The distance and the time for the car are 124.84m and 23.5sec respectively.

Explanation:

The total acceleration of the car is given as,

$a=\sqrt{a^2_t+a^2_n}$      (1)

Where,

a=total acceleration of the car

at=tangential acceleration of the car

an=normal acceleration of the car

From the question we have,

at=0.6m/s²

a=0.75m/s²

The radius of the curved road(r)=250m

By substituting the value of at and a in equation (1) we get;

$0.75=\sqrt{(0.6)^2+a^2_n}$

$a_n=\sqrt{(0.75)^2-(0.6)^2} =\sqrt{0.2025}=0.45m/s^2$

Then,

$a_n=\frac{v^2}{r}$      (2)

$v=\sqrt{a_n r} =\sqrt{0.45\times 250} =10.60m/s$

From the first equation of motion we have,

$v=u+ta_n$      (3)

$10.60=0+t\times 0.45$  (u=0 as the car starts from rest)

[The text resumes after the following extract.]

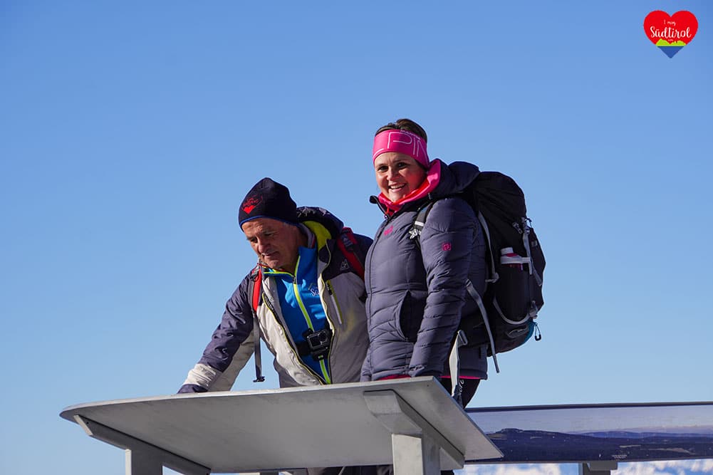 Nach der Stärkung folgten wir wenige Minuten den schmalen Wanderweg oberhalb der Oberholz Berghütte bis zur Aussichtsplattform Oberholz. Hier stellte man eine Runde Plattform aus Holz mit beschrifteten Tafeln auf, auf denen die umliegende Bergwelt erklärt wurde. Wir staunten über die herrlichen Berge, wie: den Zanggen (2.488m), das Weißhorn (2.316m), das Schwarzhorn (2.439m) oder den Latermar (2.842m) unter dem wir uns gerade befanden. Wir machten Bilder und Videos und ließen die Aussicht auf uns wirken.

$t=\frac{10.60}{0.45} =23.5sec$  

From the third equation of motion we have,

$v^2-u^2=2a_ns$

$(10.60)^2-(0)^2=2\times 0.45\times s$

$s=\frac{(10.60)^2}{2\times 0.45} =124.84m$

Hence, the distance and the time for which that car will travel before the magnitude of total acceleration attained by it becomes 0.75m/s² is  124.84m and 23.5sec respectively.